Who Wins and Who Scrambles

Analysts say the purchase will reinforce Nvidia’s central grip on the AI supply chain and give the company a durable, government-backed customer at a time when demand already outstrips supply. Market research estimates put Nvidia’s share of the merchant AI-accelerator market somewhere in the 70 to 90 percent range. Celadon Research notes that Nvidia’s scale and entrenched software ecosystem make it hard to dislodge in the short term.

Rivals such as AMD are pushing MI300-class accelerators and expanding partnerships, but AMD’s roadmap and vendor deployments still trail the software and systems ecosystem Nvidia has built, according to AMD’s own announcements.

What Comes Next In Washington

Even with internal approval in hand, officials warn that actual purchases and deployments will be throttled by contracting hoops, congressional authorization and the long lead times for data center power and cooling. Reporting shows the White House has already reprogrammed about $800 million to speed early buys while Congress weighs formal authorization, The Philadelphia Inquirer reports. That early money may cover prototype systems and the hardest facility upgrades, but analysts note that large-scale, classified Blackwell deployments will still take months to years to fully stand up.

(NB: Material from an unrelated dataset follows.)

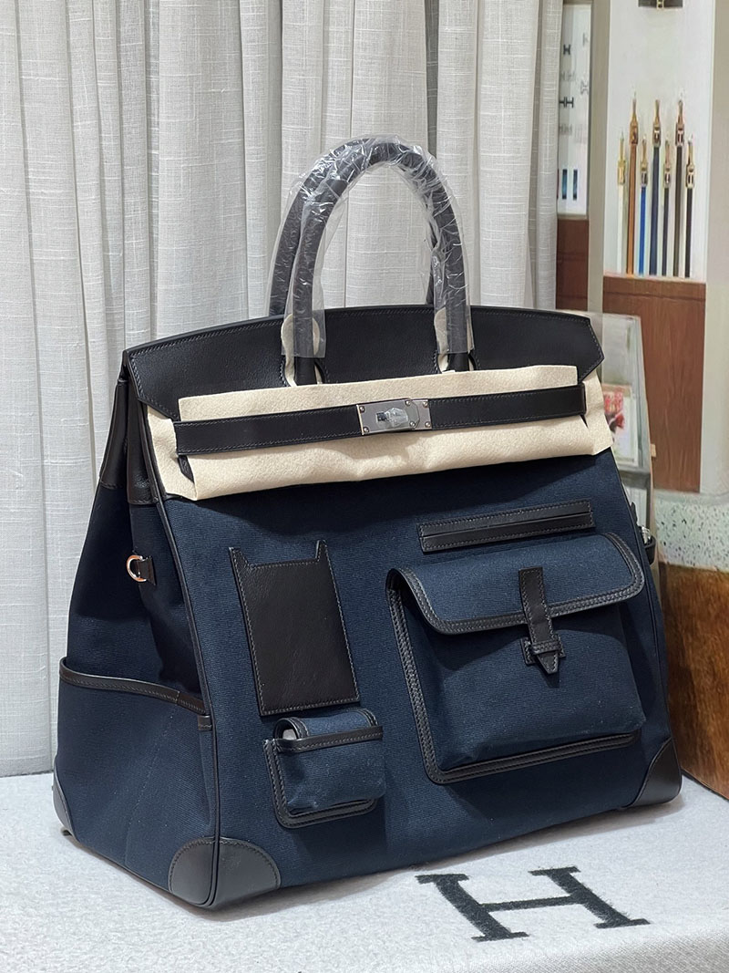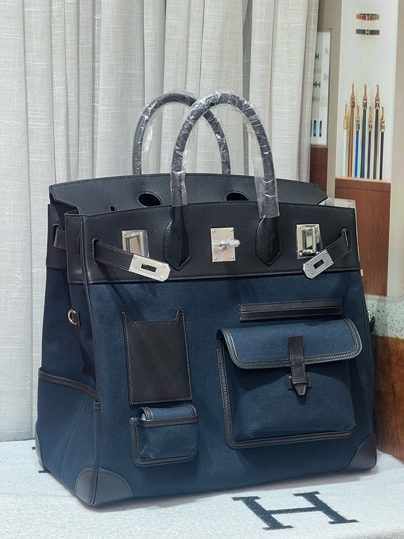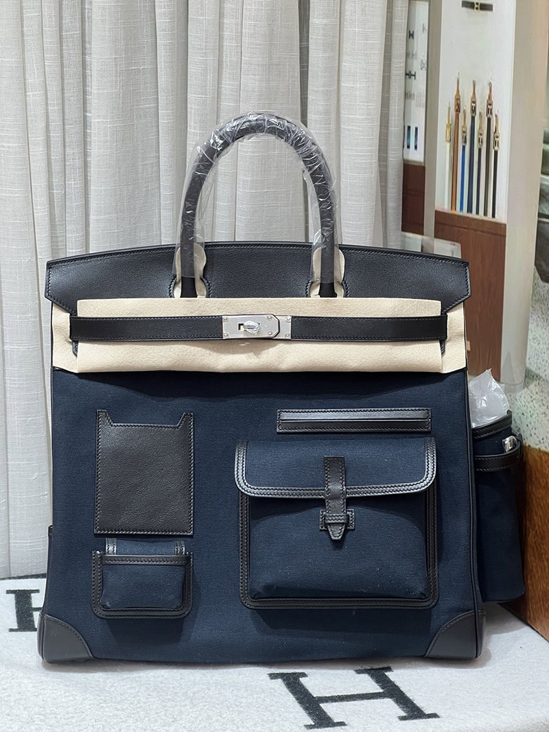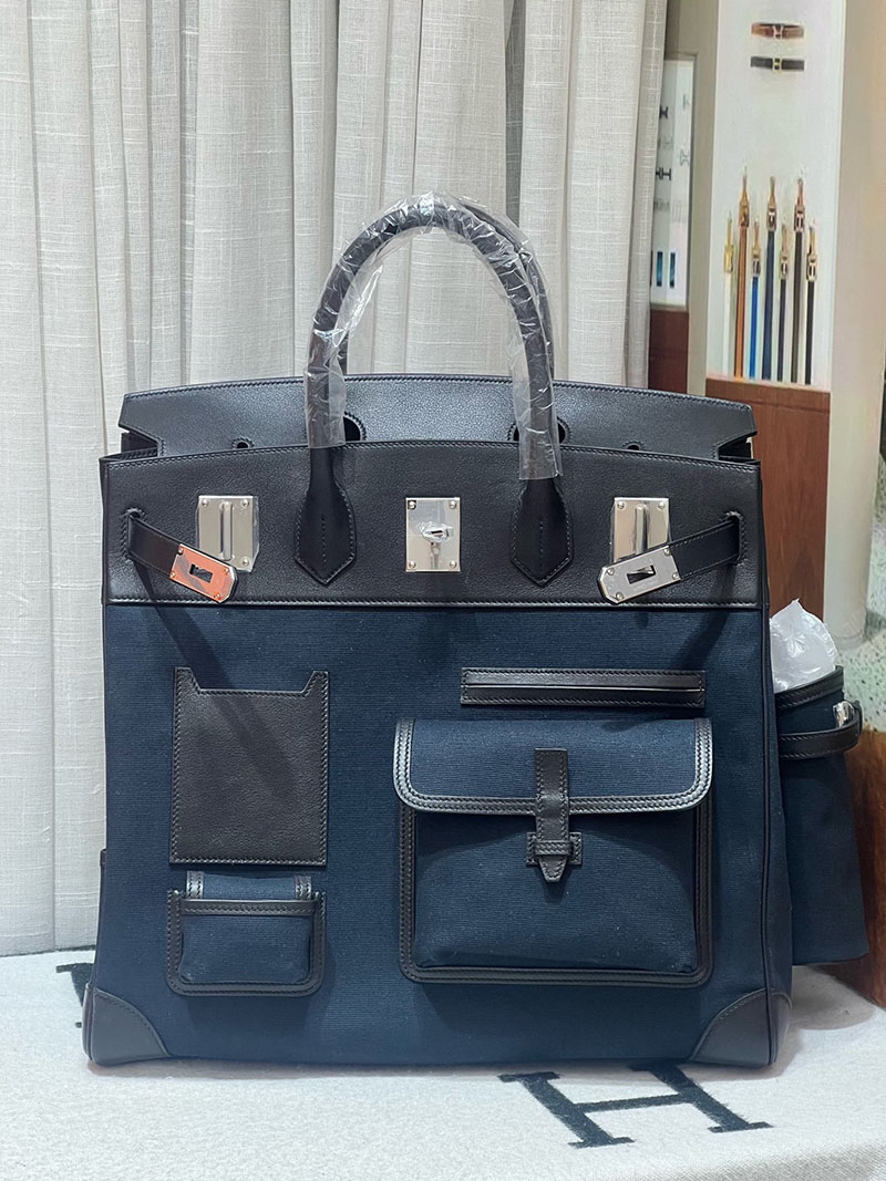 エルメスコピー オータクロア40 メンズ HERMES オータクロア 40cm カーゴ ブルーニュイ トワルアッシュ×スイフト シルバー金具 2524217

Legal And Policy Headaches

The plan also drags long-running legal and procurement fights back into the spotlight. Coverage indicates the administration negotiated a limited deal to keep Anthropic accessible to some agencies, with a carve-out that prevents use on Americans’ data, a compromise born of earlier clashes between the Pentagon and private labs. Defense and intelligence coverage has tracked that friction and warned that procurement language, data-use restrictions and supply-risk designations will shape which models and vendors the government can tap, and where those models are allowed to run, Techstrong.ai reports.

The authorization is a clear sign that Washington now treats compute as a national security asset, but it is only a first step. Buying racks is the easy part. Turning them into secure, well-governed, mission-ready AI platforms will take people, contracts and bureaucratic rewiring that are a lot messier than signing a purchase order.